51 When Senior Counsel was reminded that, in its reasons for judgment, the High Court had rejected his submission before that Court, that the residual discretion should be exercised, he replied that not all of the matters upon which he now sought to rely had been drawn to that Court’s attention. Though, the question of the prosecutor’s conduct on the plea had been raised, the other matters upon which the exercise of the discretion were said to rest had not been argued.

52 Thirdly, it was submitted that the Director, having succeeded in his appeal to the High Court, had ‘corrected’ that which required correction. Having achieved all that he conceivably could have hoped, there was no longer any need to visit an increased sentence upon the respondent.

53 Senior Counsel developed that submission by arguing that the High Court had clarified five matters, all of them based upon the Director’s contentions on the appeal to that Court. In Senior Counsel’s terms, these were:

54 Fourthly, and as a further alternative, it was submitted that even if this Court were of the view that the sentence on charge 1 was manifestly inadequate, and the submission that the residual discretion be exercised was rejected, any increase in the sentence on that charge should be moderate, and balanced by varying the orders for cumulation made below so as to leave the respondent in essentially the same position as he presently finds himself. This would ‘compensate’ him for the ordeal to which he had been exposed by having this matter hang over his head for such a lengthy period.

Conclusion

55 It is necessary to digress for a moment to deal with one particular submission put forward on behalf of the respondent during the course of oral argument. That submission went to the effect of the High Court’s decision upon general sentencing principles in this State and, more particularly, whether the sentencing landscape had been changed to such a degree as to warrant treating the respondent more leniently than would otherwise be appropriate.

56 Senior Counsel for the respondent submitted that the High Court’s judgment in this matter had put paid to ‘an enormous amount’ of this Court’s jurisprudence dealing with general principles of sentencing in this State. We consider that submission to be overstated, and misconceived.

57 As previously indicated, the respondent’s further written submissions dated 9 November 2017, set out what Senior Counsel described as five contentions, put on behalf of the Director, which the High Court had accepted. The five contentions so described, seem to us, in fact, to amount only to two. They are:

(a) current sentencing practices cannot be treated as decisive or determinative of the appropriateness or otherwise of a sentence, and

(b) it is incorrect to proceed on the basis that the consequence of a conclusion that current sentencing practice is inadequate cannot, or should not, be visited upon an offender who has pleaded guilty.

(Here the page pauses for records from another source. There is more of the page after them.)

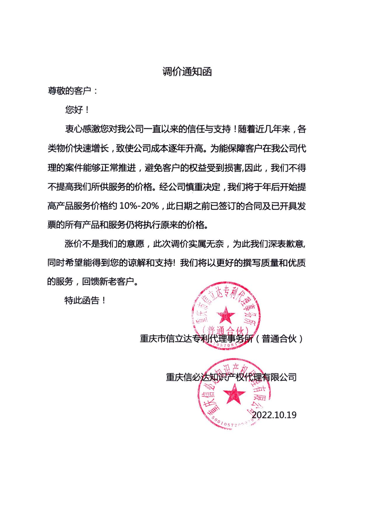 衷心感激您對我公司一直以來的信任與支持!隨著近幾年來,各類物價(jià)快速增長,致使公司成本逐年升高。為能保障客戶在我公司代理的案件能夠正常推進(jìn),避免客戶的權(quán)益受到損害,因此,我們不得不提高我們所供服務(wù)的價(jià)格。經(jīng)公司慎重決定,我們將于年后開始提高產(chǎn)品服務(wù)價(jià)格約10%-20%,此日期之前已簽訂的合同及已開具發(fā)票的所有產(chǎn)品和服務(wù)仍將執(zhí)行原來的價(jià)格。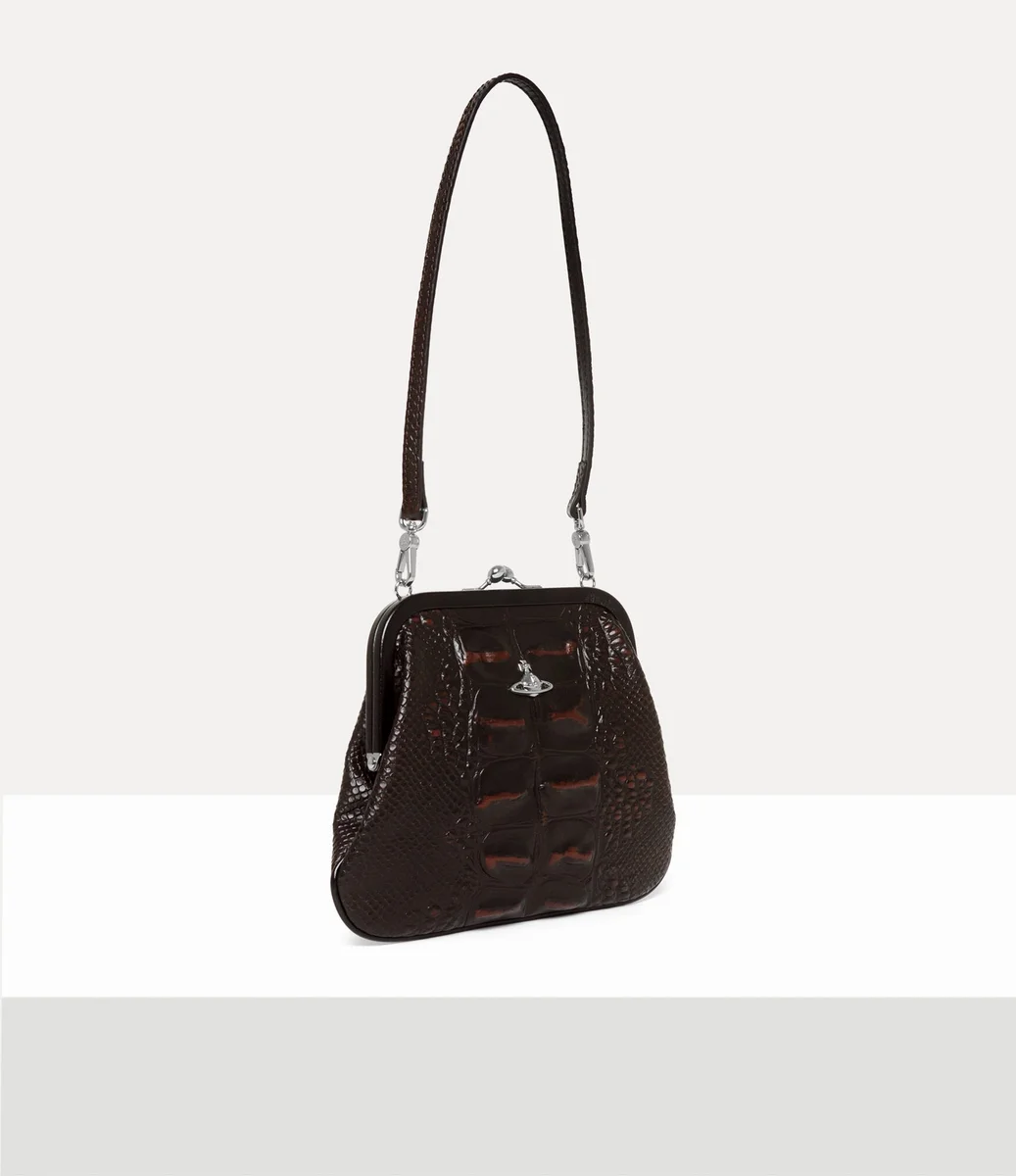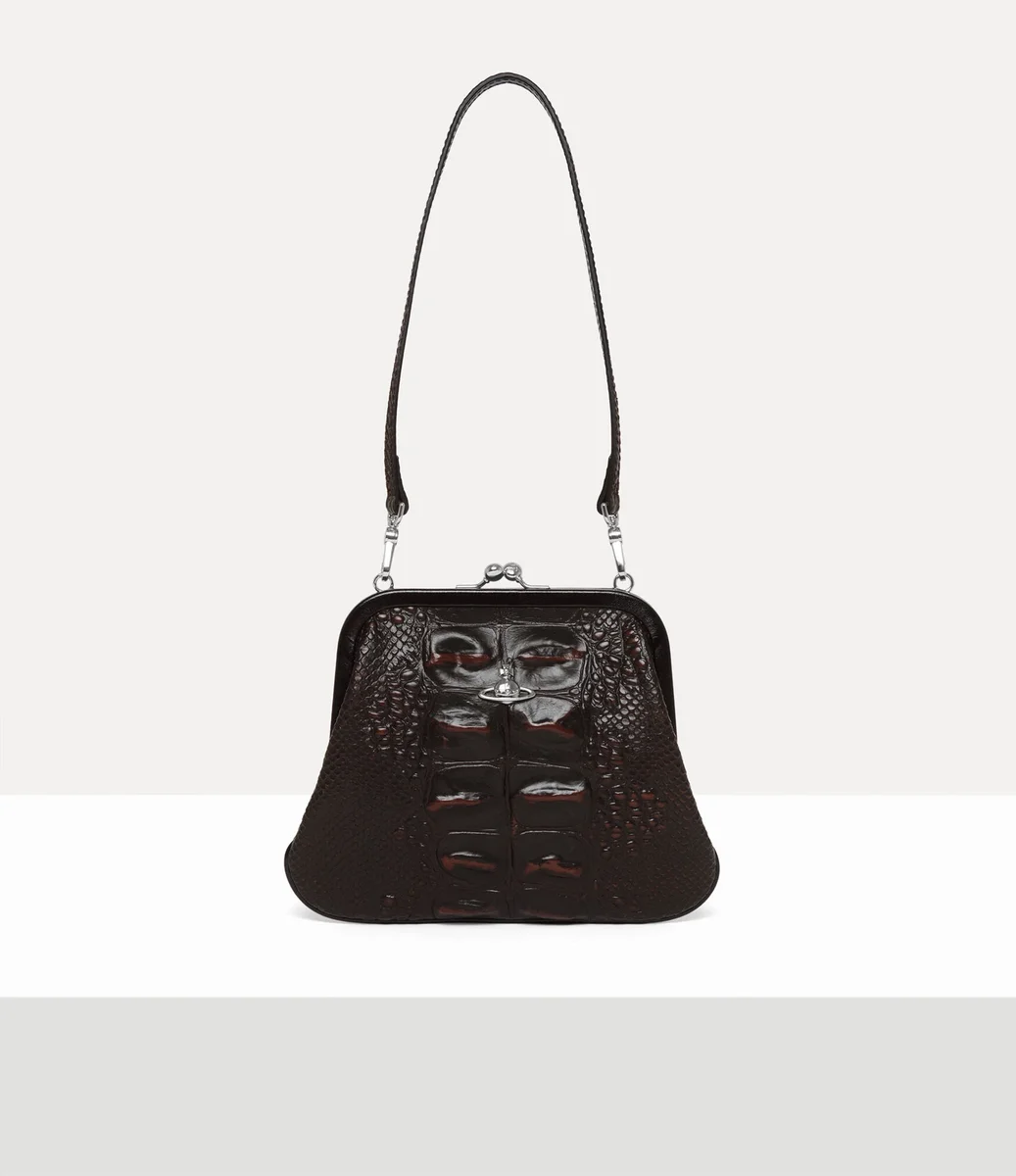 Notre pochette Vivienne, confectionnée en cuir, arbore le motif « Dinosaur » en relief de cette saison, qui évoque les marques texturées de la peau des reptiles préhistoriques. Elle tire son nom de Vivienne, qui affectionnait ce style, et est ornée de notre motif « Line Orb » signature sur le panneau avant.
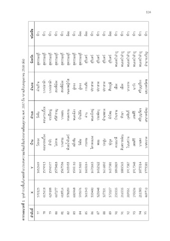 ตารางผนวกที่ 1 จุดส ำรวจพื้นที่เกษตรที่จะประสบควำมแห้งแล้งในช่วงกลำงเดือนตุลำคม พ.ศ. 2557 ถึง กลำงเดือนพฤษภำคม 2558 (ต่อ)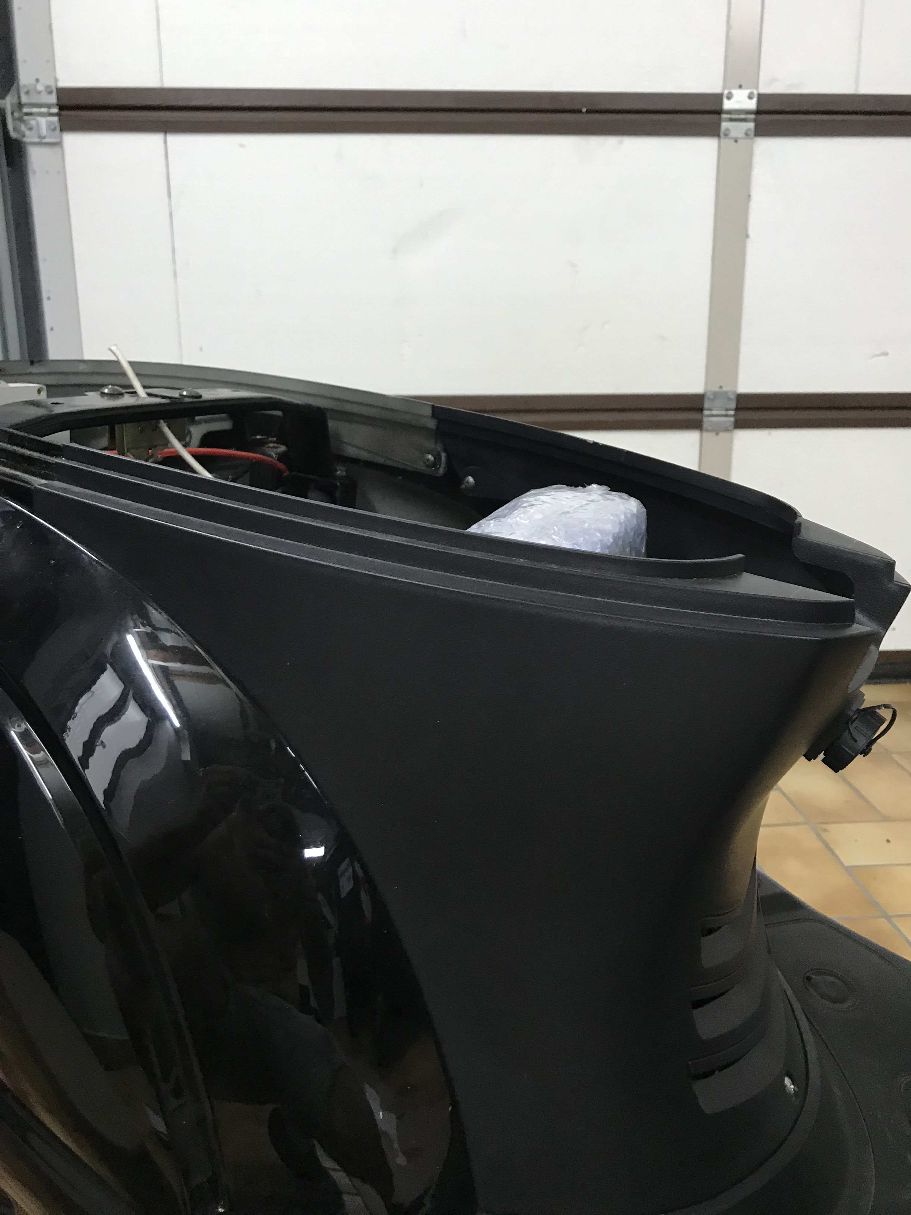Wollte ihn einfach senkrecht in die alte Akkuwanne bauen und im Helmfach den Ausschnitt anpassen und dann sind die Kabel und Amschluss passend oben im Fach.

58 It is certainly true that the High Court has endorsed the Director’s contention regarding proposition (b).[41]

59 As to proposition (a), this Court has never, so far as we can tell, treated current sentencing practices as ‘determinative’, other than in the context of the (now revealed to be erroneous) assumption concerning offenders who have pleaded guilty.[42]

60 For example, in Director of Public Prosecutions v OJA,[43] Nettle JA (as his Honour then was), pointed out that, while current sentencing practices were a necessary and useful reference point, they were not to be regarded as fixed and immutable. Indeed, his Honour, made it clear that the need to have regard to such practices did not mean that the measures of manifest excessiveness and manifest inadequacy were ‘capped and collared’ by the highest and lowest sentences hitherto imposed.

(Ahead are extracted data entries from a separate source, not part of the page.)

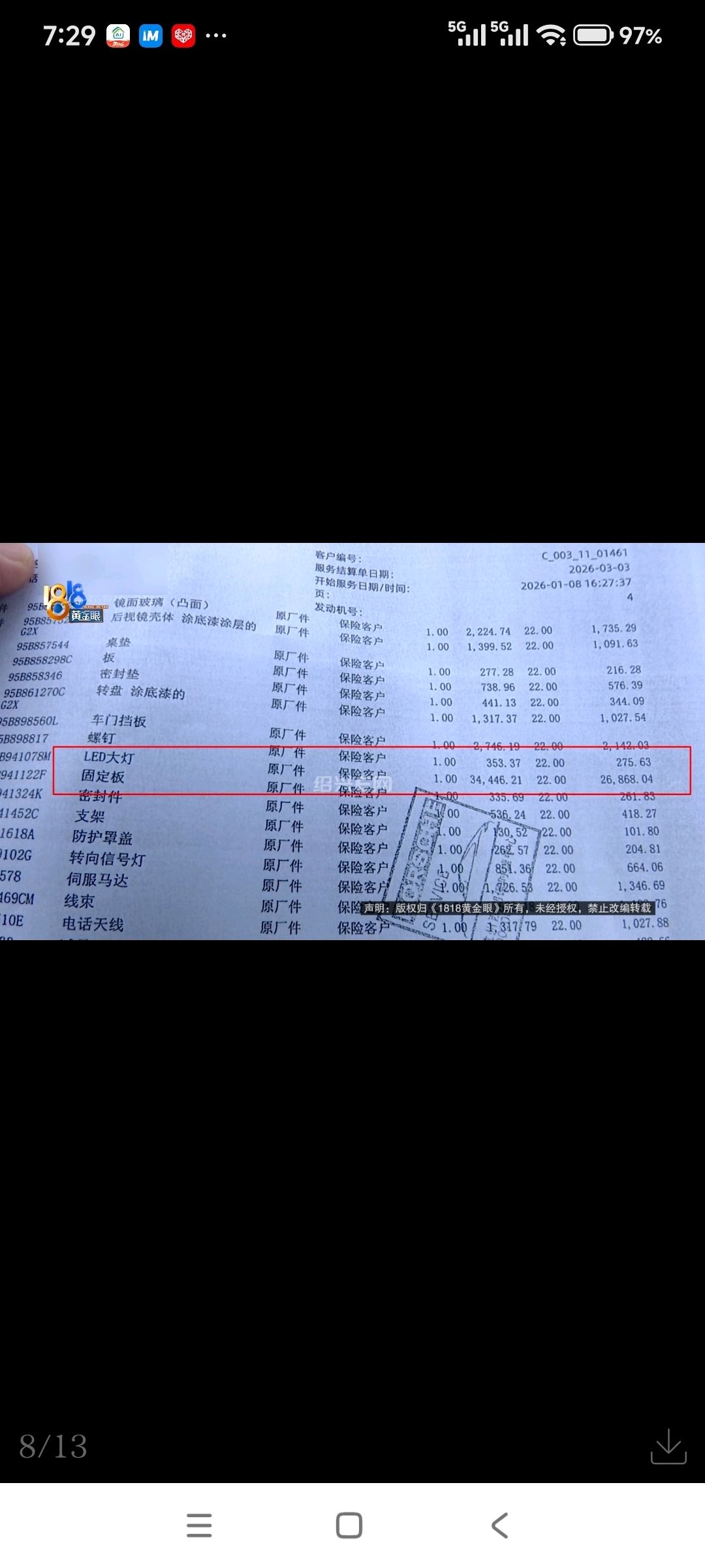 看到保时捷的维修单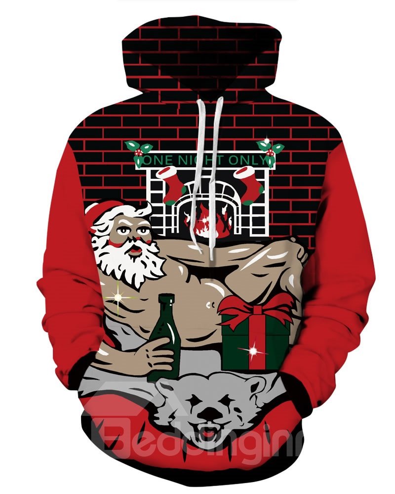 Sexy Santa Wine Gift Christmas Long Sleeve 3D Pattern Hoodie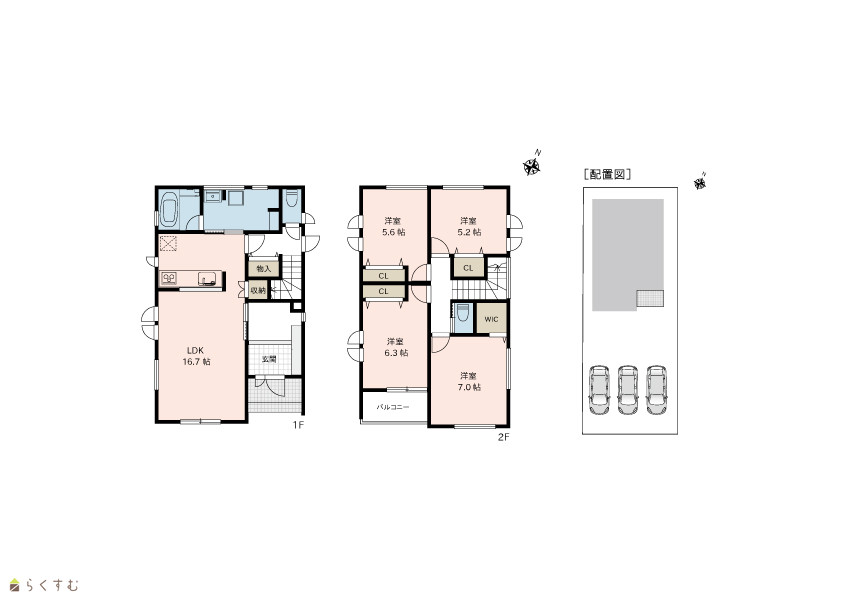 4LDK (洋室:7.0、6.3、5.6、5.2) LDK16.7 |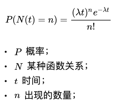 泊松分布就是描述某段时间内,事件具体的发生概率。柏松分布可以通过平均数估算出某个事件的出现概率。公式如下,此处对泊松分布不做详解,有兴趣的同学自行百度。
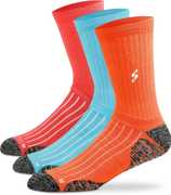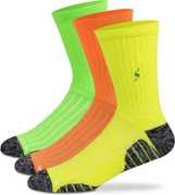 Premium Cotton Comfort: Made with high-quality cotton for softness, durability, and long-lasting wear., Moisture-Wicking Technology: Keeps feet dry and sweat-free during hikes, workouts, or daily use., Cushioned Sole Support: Extra padding in the heel and toe areas for maximum comfort on rugged terrains., Breathable & Odor-Control: Mesh ventilation zones allow airflow, preventing odor and overheating., Winter Performance Design: Ideal for cold weather – provides warmth without overheating your feet., Unisex & Versatile Fit: Designed to fit both men and women comfortably; stays in place without slipping., Multicolor Pack of 3: Stylish assorted colors to match different outfits and moods., Calf-Length Coverage: Offers added protection and support to lower legs during outdoor activities.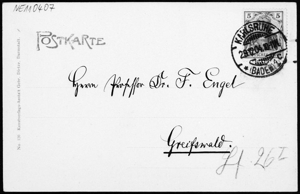 Ansichtskarte von Friedrich Schur an Friedrich Engel vom 29.12.1904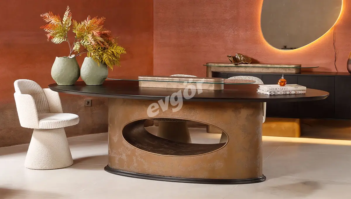 Alaska Lüks Yemek Masası asaletli ve göz alıcı tasarımı ile Evgör Mobilya'da sizleri bekliyor.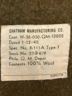 Around 1910, Chatham was the largest blanket manufacturer in the South, and by the 1940s and 1950s, they were the largest blanket manufacturer in the world.[5] They manufactured millions of blankets for all branches of the armed forces in both world wars. The company was awarded the Army/ Navy Award of Excellence for wartime production for its military blankets.[6]

61 Even more clearly to the same effect was R v AB (No 2).[44] There, it was made abundantly plain that ‘current sentencing practice’ was but one of the matters to which a sentencing judge should have regard, but by no means determinative. The Court said:

As Gleeson CJ observed in Gallagher v R, an appropriate sentence generally involves an analysis of interrelated considerations. Some of those considerations are enumerated in s 5 of the Act. It is necessary to consider the scope and purpose of this provision. In this context the expression ‘shall have regard to’ means to give consideration to the matters specified, which include ‘any other relevant circumstance.’ The provision should be read as subject to the necessary qualification that the relevance of a particular matter to the court’s determination will affect the weight, if any, that it will be given. Some of the listed matters may have no relevance in a particular case.

No single matter specified in s 5 is ‘fundamental’ to the fixing of the sentence. The imperative that the sentencing court ‘have regard to’ the enumerated matters requires the judge to consider each of the matters and determine whether any or any particular weight should be given to them. The judge is required only to have regard to the factors so far as they are known to him or her. The provision does not require that the matter in question have an actual influence on the ultimate result. Each matter may inform the ‘instinctive synthesis’ but none is determinative; the emphasis each receives will vary from case to case.[45]

62 The High Court’s judgment, when read in context, makes it clear that this Court’s previous approach to current sentencing practices as ‘determinative’, where a plea of guilty has been entered on the footing that there would be adherence to the general range of sentences previously imposed, should no longer be accepted. Current sentencing practice should no longer operate as a constraint upon the imposition of a sentence that departs from such practice where the result of sentencing in conformity with past sentences would lead to a sentence that was manifestly inadequate.

63 The decisions of this Court specifically identified by Gageler and Gordon JJ as those which should no longer be followed all turned upon a much narrower point than Senior Counsel for the respondent ascribed to them. They all involved determinative weight seemingly having been given to current sentencing practices, at least where it could be assumed that the accused had pleaded guilty in the expectation of being dealt with in accordance with those practices.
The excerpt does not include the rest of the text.